Riot Games revealed that the [threat actors](/email-security/threat-actors-are-using-google-ads-to-launch-sophisticated-phishing-campaigns/) obtained no personal information or data during the attack, and **Patch 13.2** for League of Legends has been **delayed**. The organization shared the news, outlining that no new features in the patch will be canceled, and the studio will release it later.

Riot games are investigating the attack and will update its customers accordingly. This is not the first attack as **2K games** were also hacked when its customers got malware, and a month following the attack; their **personal data** was put up for [sale](https://www.bleepingcomputer.com/news/security/2k-games-warns-users-their-stolen-data-is-now-up-for-sale-online/) by the threat actors.

## Novel Hook Android Malware letting Hackers Take Control of Mobile Devices

A new Android [malware](/resources/malware-and-its-defense-mechanism), named Hook, has hit the digital space, and it is sold by cybercriminals who are boasting that it can be used to take over **mobile devices**.

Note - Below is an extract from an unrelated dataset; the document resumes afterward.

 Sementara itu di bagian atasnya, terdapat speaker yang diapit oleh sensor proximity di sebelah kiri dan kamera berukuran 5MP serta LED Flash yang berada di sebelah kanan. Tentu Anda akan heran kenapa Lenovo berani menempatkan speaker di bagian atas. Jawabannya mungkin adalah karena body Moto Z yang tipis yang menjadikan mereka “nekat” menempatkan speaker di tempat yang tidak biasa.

The creator of Ermac, an infamous Android banking **trojan**, is promoting this [Hook Android malware](https://www.threatfabric.com/blogs/hook-a-new-ermac-fork-with-rat-capabilities.html#appendix), claiming the malware has been written from scratch but contains much of **Ermac’s code**. Hook has an extensive set of capabilities and allows threat actors to

- **Start/stop RAT**
- Perform a specific swipe gesture
- Take a screenshot
- Simulate clicking a specific text item
- Simulate a key press (HOME/BACK/RECENTS/LOCK/POWERDIALOG)
- **Unlock the device**
- Scroll up/down
- Simulate a long press event
- Simulate clicking at a specific coordinate
- Simulate clicking on a [UI element](https://www.usability.gov/how-to-and-tools/methods/user-interface-elements.html) with a specific text value
- Set a UI element value to a specific text

Hook is more dangerous and capable than Ermac as it includes a VNC (Virtual Network Computing) module enabling threat actors to **interact** with the infected device’s UI in **real-time**.

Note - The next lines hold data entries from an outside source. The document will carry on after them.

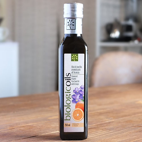 有機JAS認証のイタリア産オレンジ風味有機アマニオイルです。
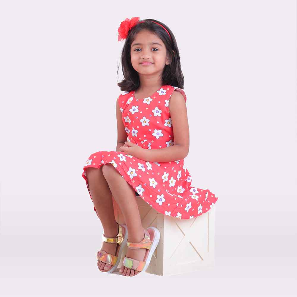 Girls Floral Printed Cotton Fit and Flare Dress
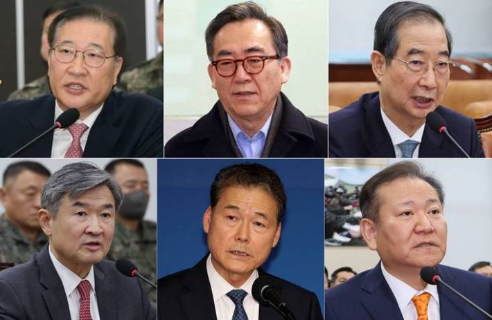 (왼쪽부터 시계방향으로)박성재 법무부 장관·조태열 외교부 장관·한덕수 국무총리·조태용 국정원장·김영호 통일부 장관·이상민 전 행정안전부 장관. 연합뉴스 |
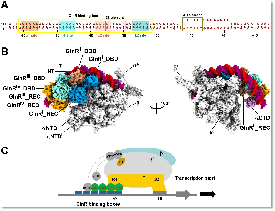 B. GlnR依賴型轉(zhuǎn)錄激活復(fù)合物結(jié)構(gòu);
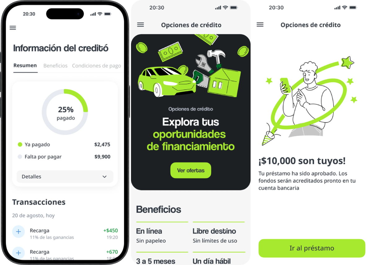 - De hecho, en los recientes años los créditos y préstamos digitales se han diversificado y personalizado para usuarios, emprendedores y conductores.

Hook is a **global Android threat** impacting multiple individuals in the US, Australia, Poland, Spain, Portugal, Italy, France, Turkey, and the UK. _It would be best to stick to Google Play apps and steer clear of third-party applications since the malware is distributed under **Google Chrome APKs**._

## Galaxy App Store Vulnerabilities allowing Hackers to Install Apps without Knowledge

Samsung’s official repository, the Galaxy App Store, has two [vulnerabilities](https://thehackernews.com/2023/02/new-high-severity-vulnerabilities.html) that could allow threat actors to install **any application** on victim devices **without their knowledge** or direct them to malicious URLs (Uniform Resource Locators).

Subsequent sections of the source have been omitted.